-- TO DO --
Set down each line of the material that follows exactly, and leave its pictures out.

*** DATA SHOWN ***

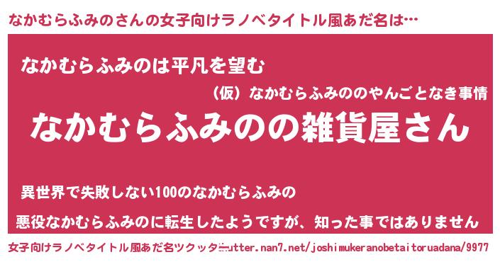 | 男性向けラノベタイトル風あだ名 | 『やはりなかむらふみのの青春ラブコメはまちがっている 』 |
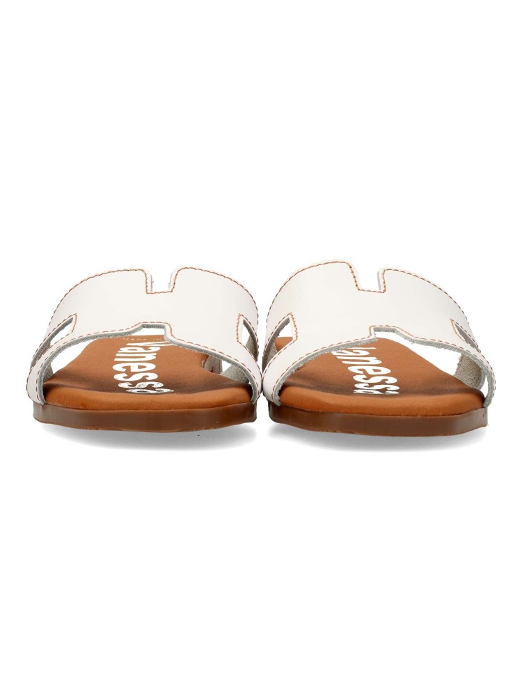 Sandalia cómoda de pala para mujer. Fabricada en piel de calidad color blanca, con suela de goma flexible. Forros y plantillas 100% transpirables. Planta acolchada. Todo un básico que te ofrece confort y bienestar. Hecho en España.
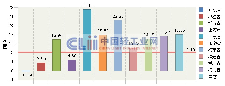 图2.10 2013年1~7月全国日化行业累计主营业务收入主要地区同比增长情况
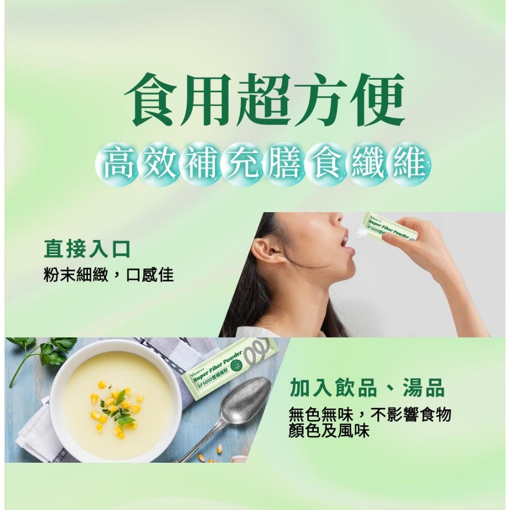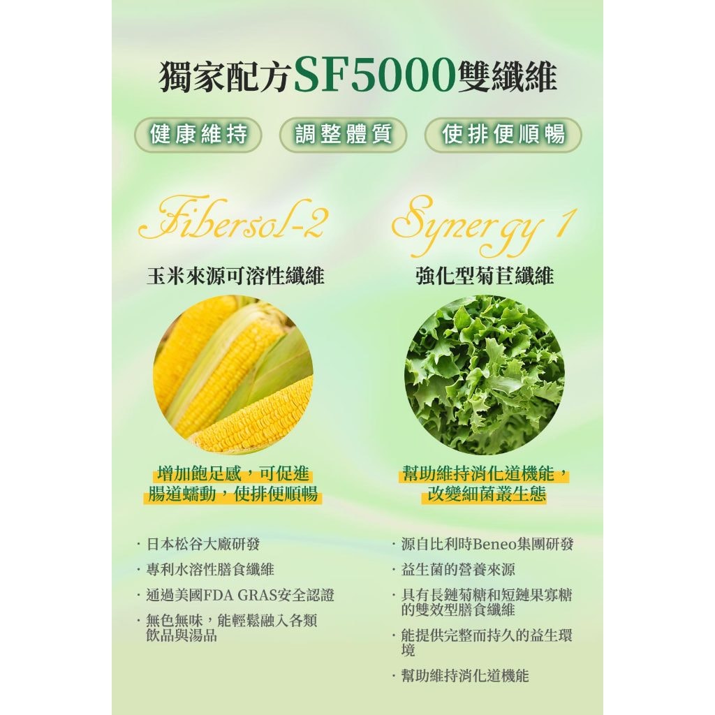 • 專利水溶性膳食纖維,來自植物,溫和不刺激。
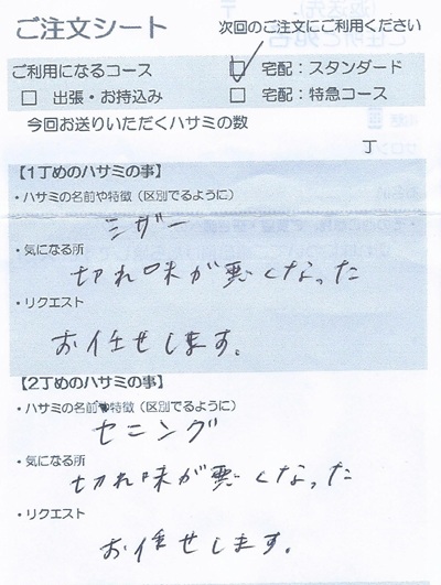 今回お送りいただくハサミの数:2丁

*** End of DATA SHOWN ***

-- RESPONSE --
 | 男性向けラノベタイトル風あだ名 | 『やはりなかむらふみのの青春ラブコメはまちがっている 』 |
 Sandalia cómoda de pala para mujer. Fabricada en piel de calidad color blanca, con suela de goma flexible. Forros y plantillas 100% transpirables. Planta acolchada. Todo un básico que te ofrece confort y bienestar. Hecho en España.
 图2.10 2013年1~7月全国日化行业累计主营业务收入主要地区同比增长情况
 • 專利水溶性膳食纖維,來自植物,溫和不刺激。
 今回お送りいただくハサミの数:2丁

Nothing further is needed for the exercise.